Al final, la inteligencia artificial no escribe el futuro por sí misma: lo escribimos nosotros, con cada clic, cada palabra y cada imagen o audio que subimos al mundo digital. Entender cómo llegamos hasta aquí nos permite tomar decisiones más conscientes sobre hacia dónde queremos ir. El futuro no depende solo del desarrollo de nuevas inteligencias artificiales, sino de cómo elegimos convivir con ellas. Tal vez lo más humano sea aquello que no deba convertirse en dato. Y esa elección comienza con una pregunta simple pero poderosa: ¿Qué más regalamos —sin darnos cuenta— cada vez que compartimos algo en línea?

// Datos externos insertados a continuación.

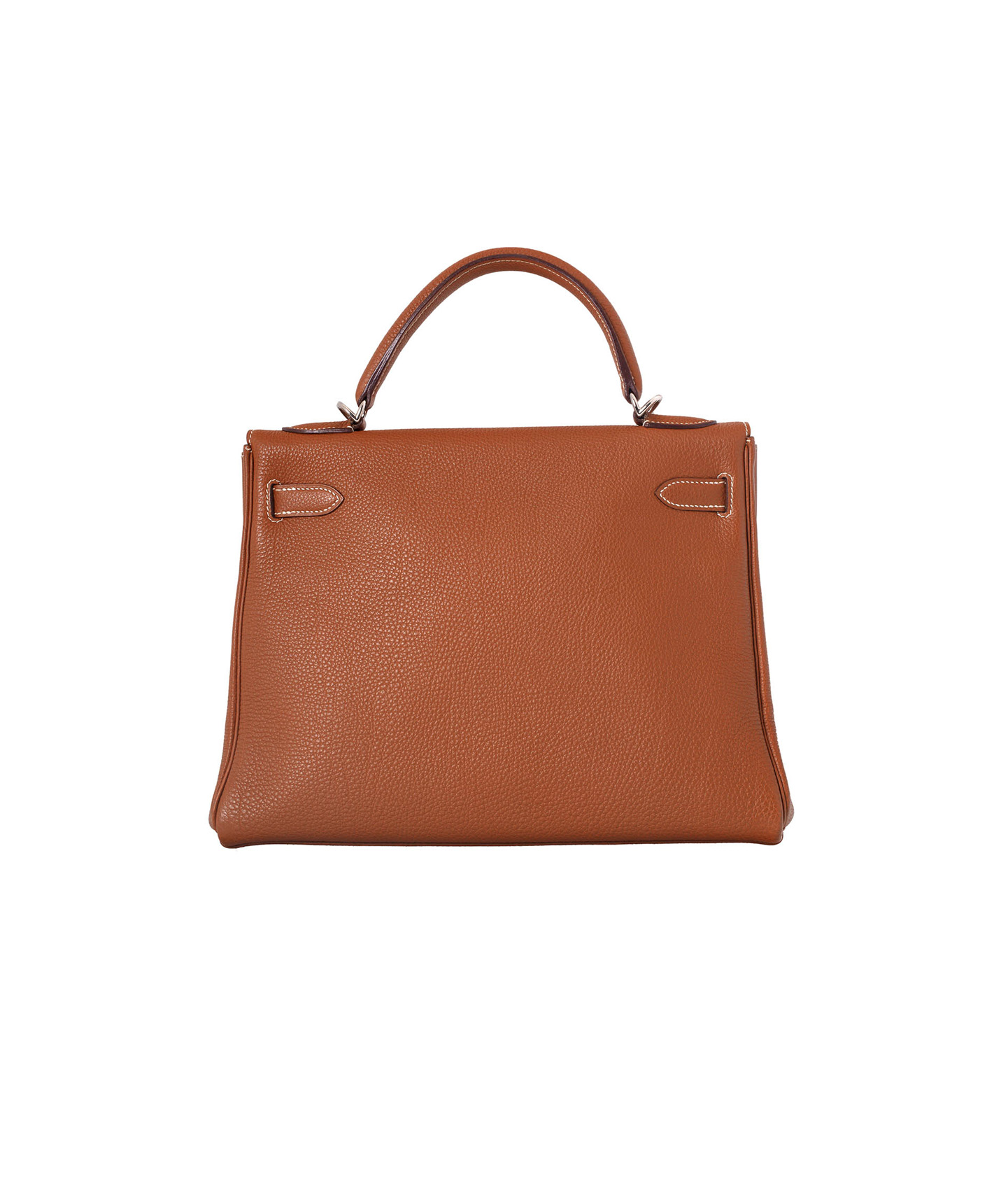 This vintage Hermes Kelly is a true masterpiece, meticulously hand-stitched to perfection. The Kelly Retourne 32, crafted from luxurious Togo leather in Gold (tan), features elegant palladium hardware. The Retourne style offers a more relaxed feel, with visible stitching that creates softer edges. Its leather-lined interior includes pockets and ample space for all your daily essentials. Elevate your collection with this timeless Collector’s Item.
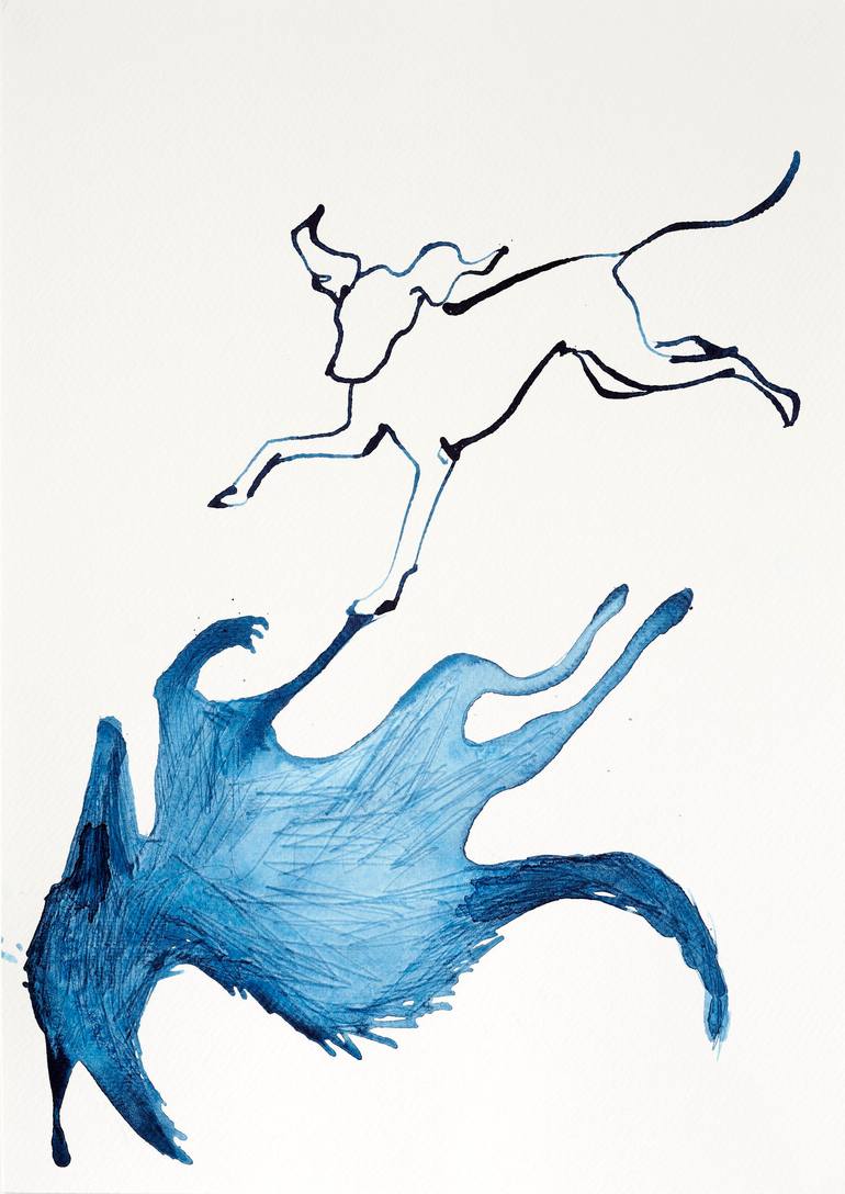 My dog is an affectionate shadow of mine at home, following me here, there and everywhere. His own inner nature of the hunting wolf comes out when we're out walking. I wanted to portray his shadow self, and his interaction with it.
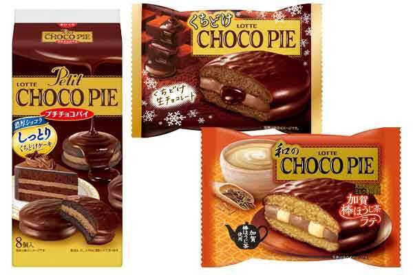 ロッテは9月3日(火)に「チョコパイ」ブランドより「プチチョコパイ<濃厚ショコラ>」を、9月24日(火)に「くちどけチョコパイ<生チョコレート>個売り」と「和のチョコパイ<加賀棒ほうじ茶ラテ>個売り」を全国発売します。
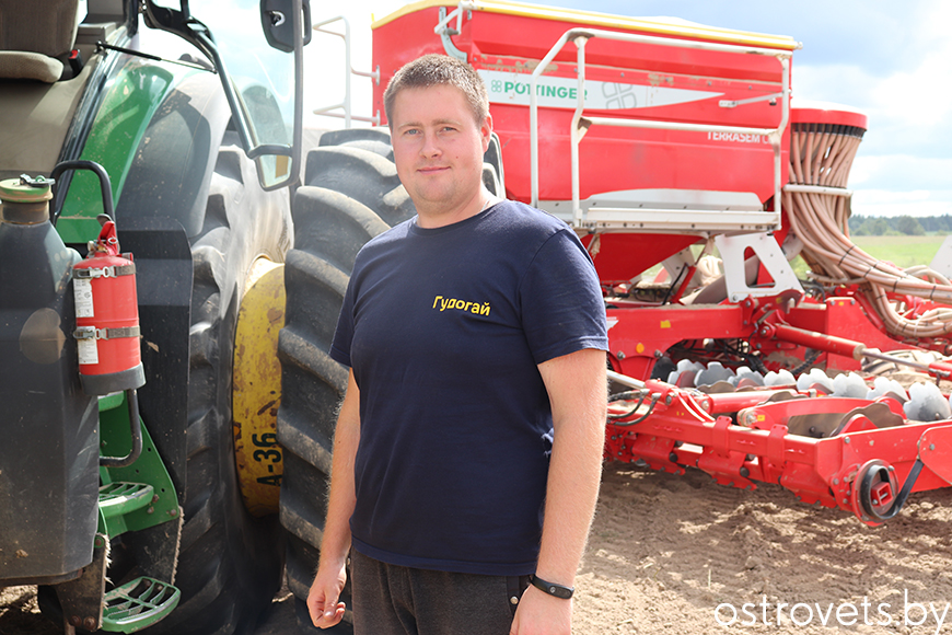На сучасным пасяўным агрэгаце аўстрыйскай вытворчасці Pottinger, які працуе ў счэпцы з «Джон-Дзірам», Сяргей за дзень засявае да 40-45 гектараў.
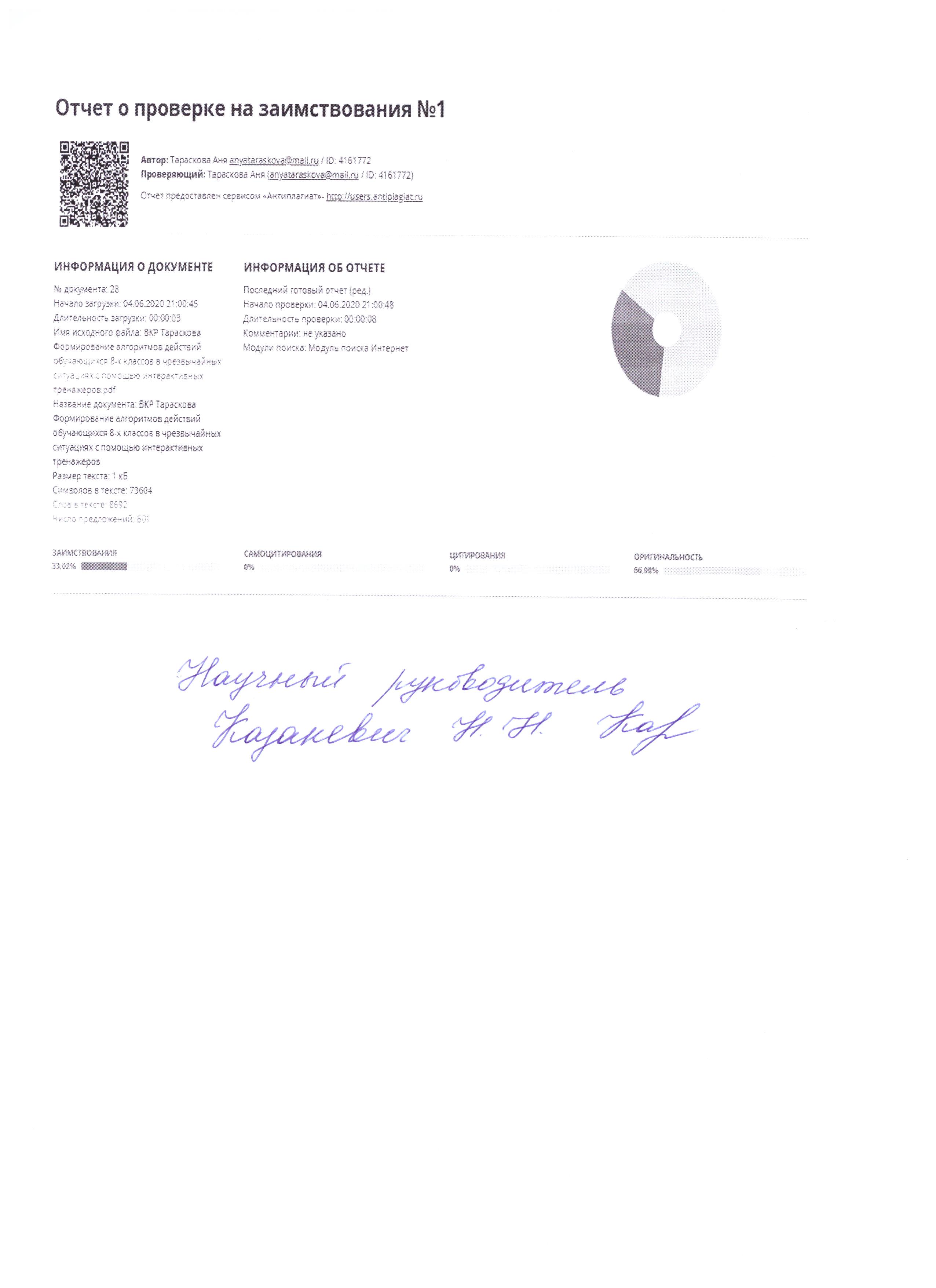 Формирование алгоритмов действий обучающихся 8-х классов в чрезвычайных ситуациях с помощью интерактивных тренажеров
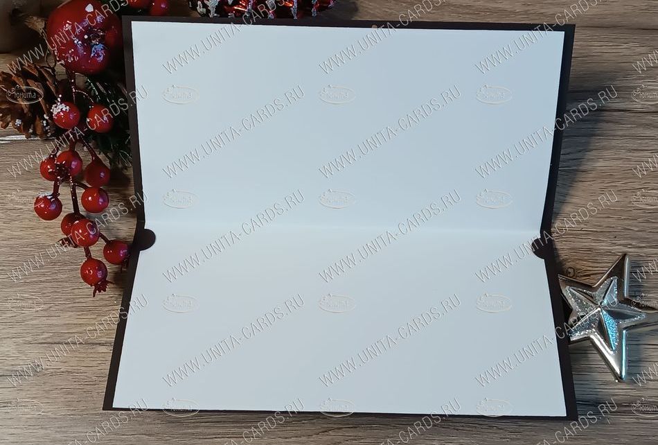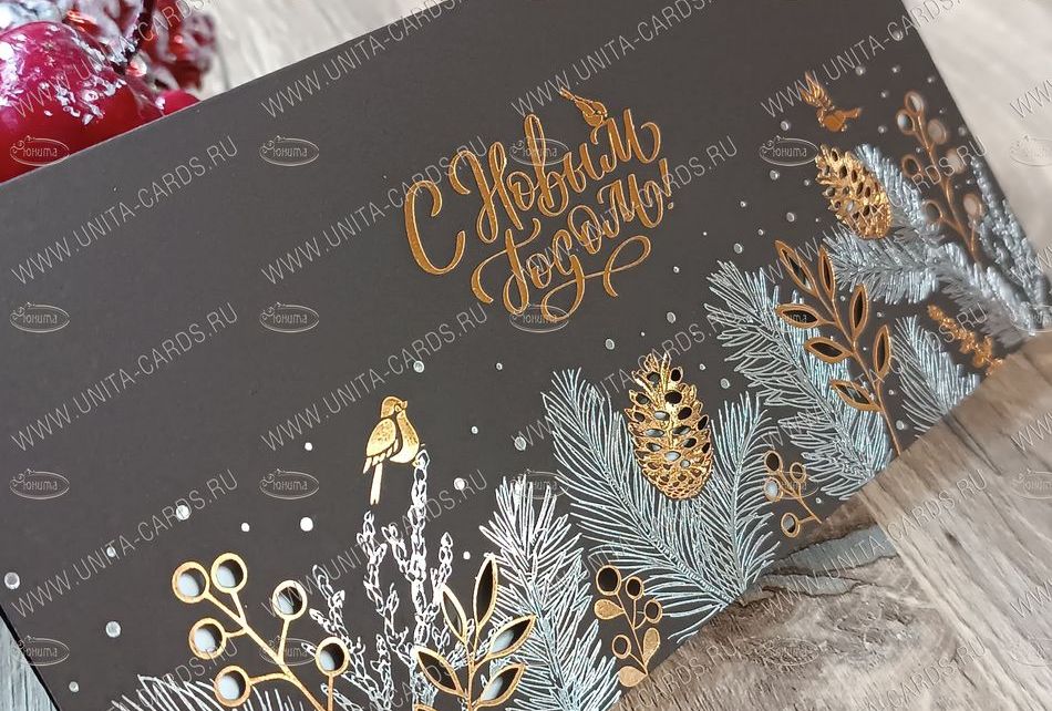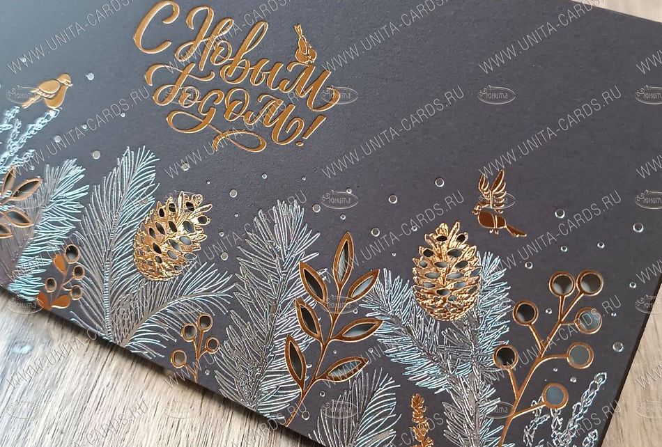 Новинка! Новогодняя корпоративная открытка разработана компанией ЮНИТА, изготовлена из дизайнерской плотной бумаги, тиснение фольгой в 2 цвета, исполнена ажурная лазерная резка.
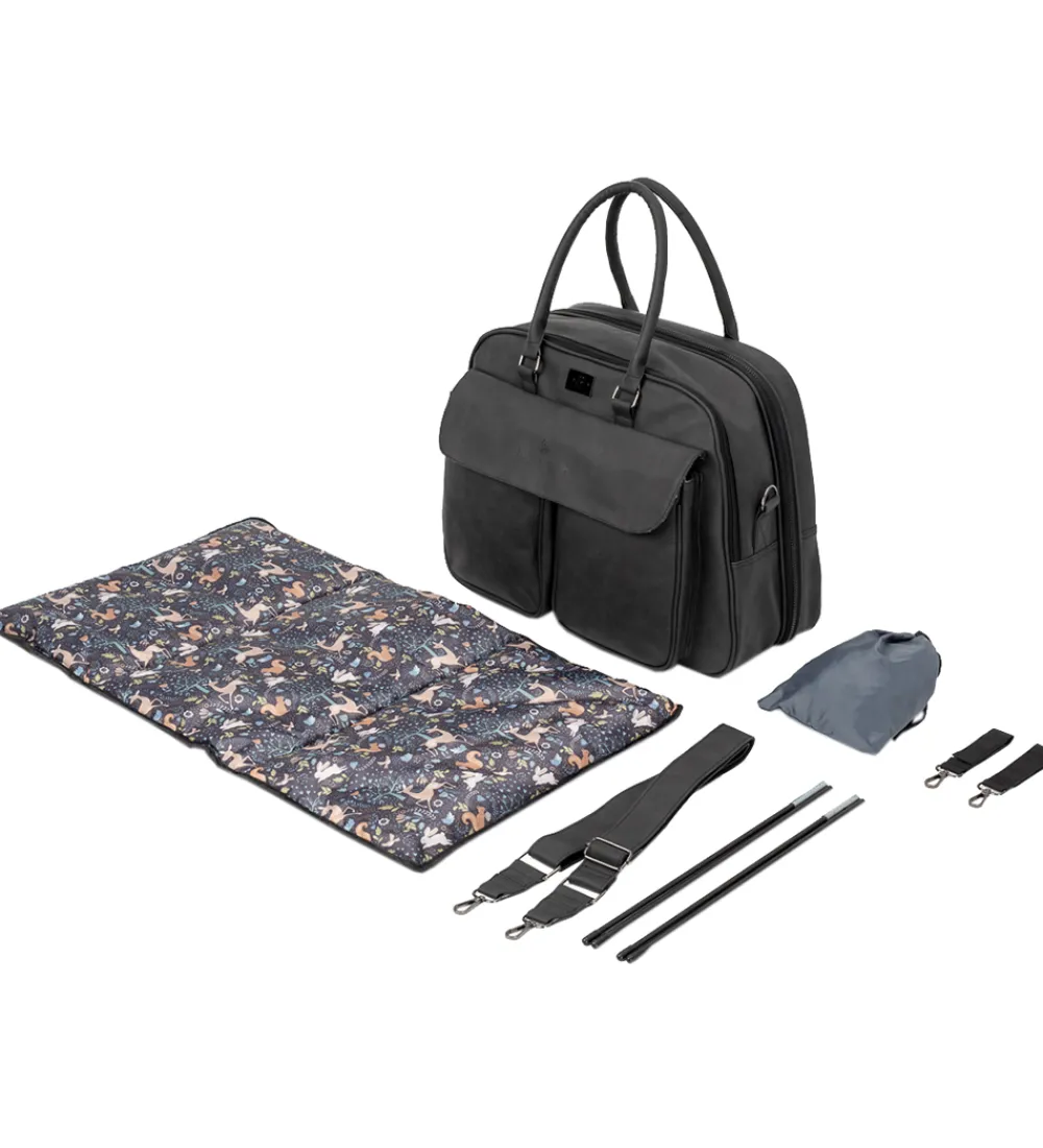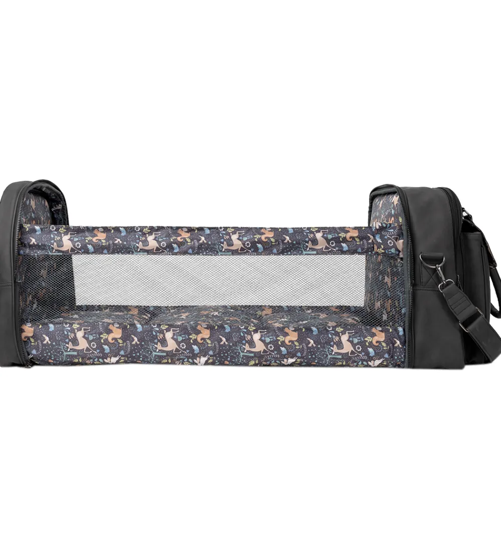 Smart Bizzi Growin kombineret pusletaske og rejseseng i sort, vegansk læder. Indvendigt har den et sort for med et farverigt dyreprint.
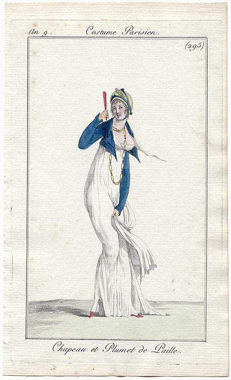A late 1790s open front spencer, made from teal pinstriped wool.

Nota: La Inteligencia Artificial (IA) es un campo amplio de la computación que busca que las máquinas realicen tareas que normalmente requieren inteligencia humana. Dentro de ella, el Machine Learning o aprendizaje automático es una subárea que permite a los sistemas aprender de los datos sin ser programados explícitamente. Y dentro del Machine Learning, el Deep Learning o aprendizaje profundo utiliza redes neuronales con muchas capas para reconocer patrones complejos. En resumen: IA > ML > DL. Lo más popular hoy en día (ChatGPT, Midjourney, Gemini, Claude, etc.) pertenece a la categoría de Deep Learning, pero la IA abarca mucho más.